Elon Musk is the controlling owner of SpaceX, which is the parent company of Starlink. He holds approximately 42% of SpaceX’s equity and controls roughly 79% of its votes. No decision gets made at SpaceX — and therefore no decision gets made at Starlink — without Musk’s approval.
However, he is not the only owner of SpaceX. Other major shareholders include Alphabet (~7%), Fidelity, Founders Fund, Sequoia Capital, Andreessen Horowitz, EchoStar, and various sovereign wealth funds. Following the February 2026 xAI merger, former xAI investors including NVIDIA and Qatar Investment Authority also hold stakes.
The practical answer is this: Musk runs Starlink exactly as if he owns it outright — because his voting power gives him complete control.

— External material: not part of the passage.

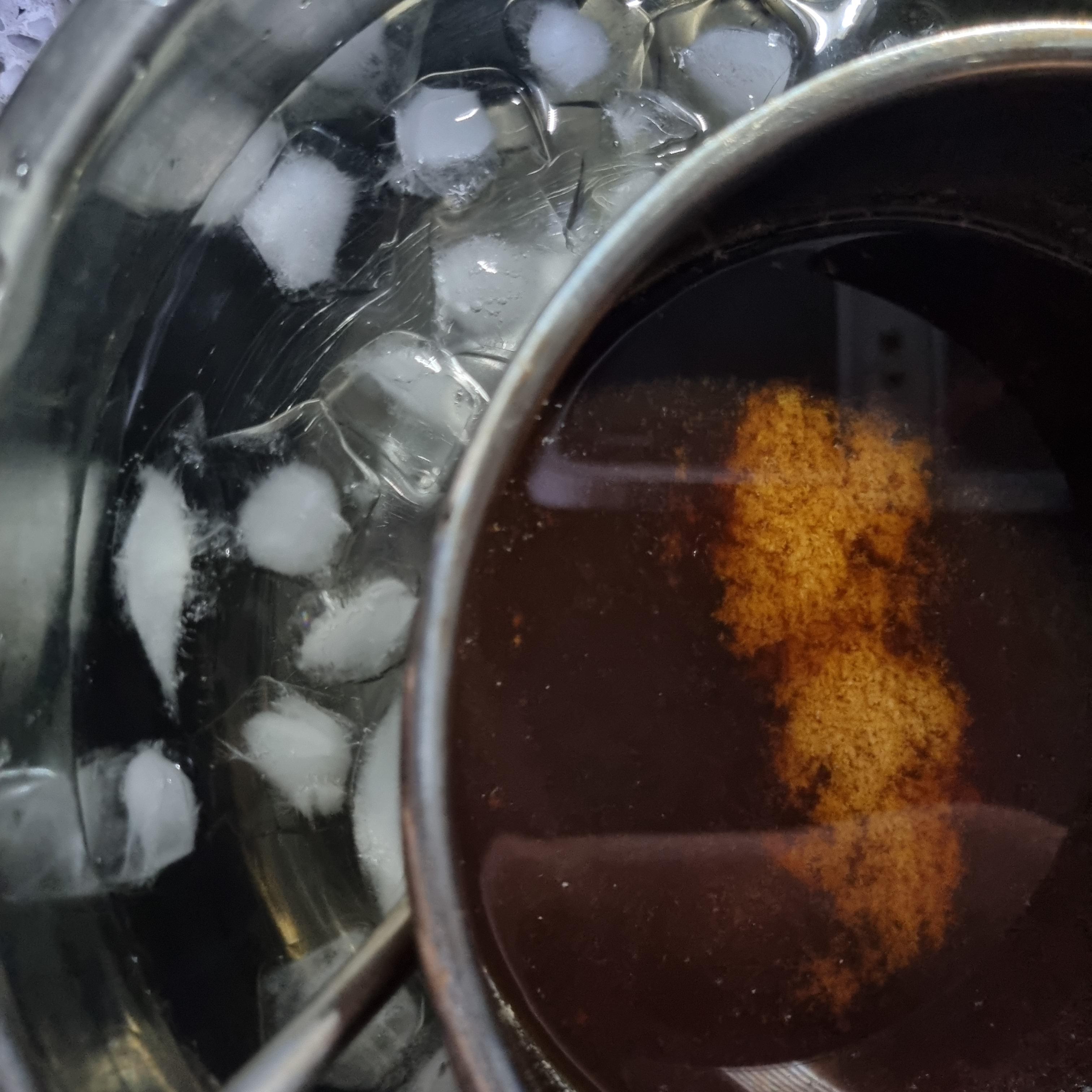 3. 끓여낸 간장육수는 차갑게 식혀줍니다. 열기가 있으면 새우가 익기 때문에 저는 얼음냉수에 냄비채 넣어줬어요. 저는 새우가 배달 올 때 얼음 속에 파묻혀 오니까 배송 올 때 온 얼음을 사용했어요.

The other shareholders have money in the game, but none of them have the power to override or even meaningfully challenge his decisions.
Starlink is owned by Starlink Services, LLC, a wholly owned subsidiary of SpaceX (Space Exploration Technologies Corp.). SpaceX is a private company controlled by Elon Musk, who holds approximately 42–43% of equity and 79% of all voting power through a dual-class super-voting share structure.
The remaining equity in SpaceX is spread across some of the world’s most powerful institutional investors — including Alphabet, Fidelity, Sequoia Capital, Andreessen Horowitz, and several sovereign wealth funds from the Middle East. Following the landmark February 2026 merger with xAI, NVIDIA and the Qatar Investment Authority also joined the cap table.
Starlink has grown from its first satellite launch in 2019 to a network of over 10,020 satellites serving more than 10 million subscribers in 150+ countries — generating roughly $10 billion in annual revenue and representing 50–80% of all SpaceX income. A planned IPO in mid-2026 could value the combined SpaceX-xAI entity at $1.75 trillion — potentially the largest public offering in history. When that happens, Starlink will finally be something ordinary investors can own a piece of — even if Elon Musk will still be the one calling every shot.
Frequently Asked Questions (FAQs)
Q1. Who owns Starlink in 2026?
Starlink is owned by Starlink Services, LLC, a wholly owned subsidiary of SpaceX, which is controlled by Elon Musk.
Q2. What percentage of SpaceX does Elon Musk own?
Elon Musk owns approximately 42–43% of SpaceX’s equity and controls roughly 79% of all voting rights.
Q3. Is Starlink a separate company from SpaceX?
No. Starlink is a wholly owned subsidiary of SpaceX — it is not an independent company.
Q4. Who are the biggest investors in SpaceX besides Elon Musk?
The biggest outside investors include Alphabet (Google), Fidelity Investments, Sequoia Capital, and Andreessen Horowitz.
Q5. How many Starlink subscribers are there in 2026?
Starlink surpassed 10 million subscribers across more than 150 countries as of February 2026.
Q6. How much revenue does Starlink generate?
Starlink generated approximately $10 billion in revenue in 2025, representing 50–80% of all SpaceX income.
Q7. What was the SpaceX and xAI merger in 2026?
On February 2, 2026, SpaceX acquired Elon Musk’s AI company xAI in an all-stock deal valuing the combined entity at $1.25 trillion.
Q8. Can regular investors buy Starlink stock?
Not yet — SpaceX is private, but a public IPO is expected in mid-2026 at a target valuation of $1.75 trillion.